## Description of the task
Scan the records beneath this line for the line holding "2 IN 1 FASHION" and the line holding "Security is a", then transcribe exactly those two and all lines between.

## Exercise data
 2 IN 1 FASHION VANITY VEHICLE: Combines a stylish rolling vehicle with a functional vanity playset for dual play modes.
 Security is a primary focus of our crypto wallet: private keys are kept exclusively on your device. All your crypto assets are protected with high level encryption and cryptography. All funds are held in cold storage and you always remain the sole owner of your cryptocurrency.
---
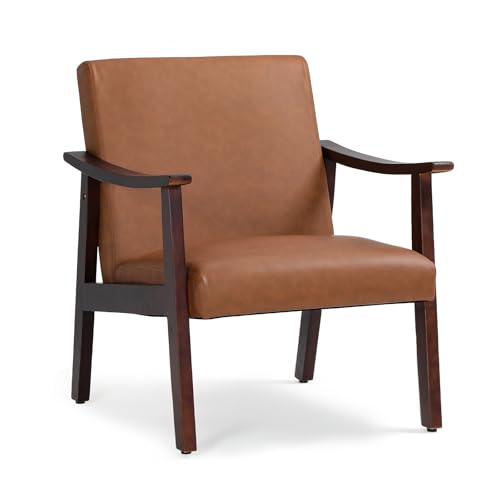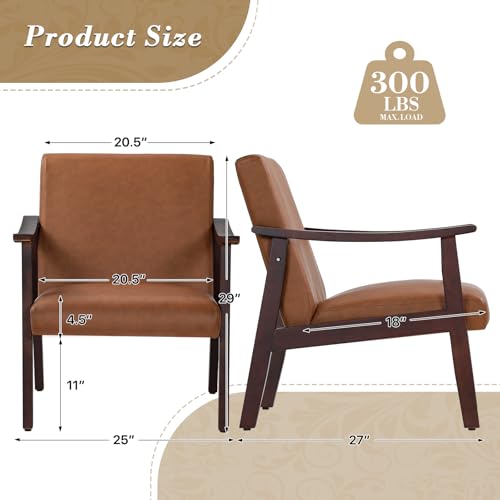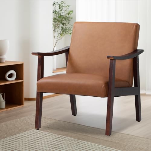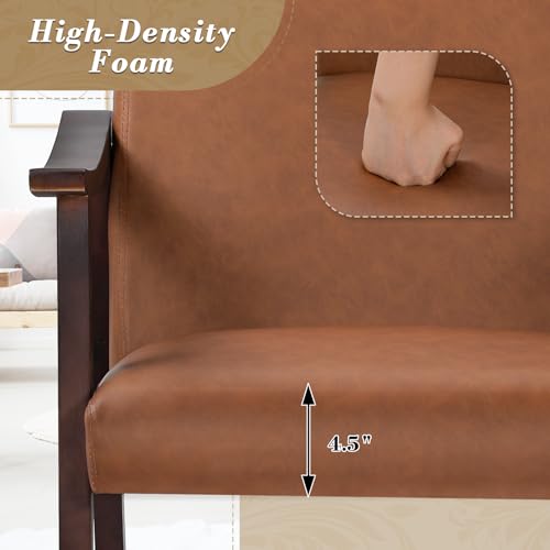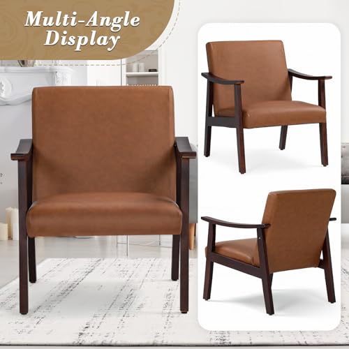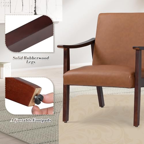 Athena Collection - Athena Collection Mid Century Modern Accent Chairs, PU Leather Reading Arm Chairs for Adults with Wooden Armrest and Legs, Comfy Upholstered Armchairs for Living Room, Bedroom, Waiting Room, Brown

## Problem solution
 2 IN 1 FASHION VANITY VEHICLE: Combines a stylish rolling vehicle with a functional vanity playset for dual play modes.
 Security is a primary focus of our crypto wallet: private keys are kept exclusively on your device. All your crypto assets are protected with high level encryption and cryptography. All funds are held in cold storage and you always remain the sole owner of your cryptocurrency.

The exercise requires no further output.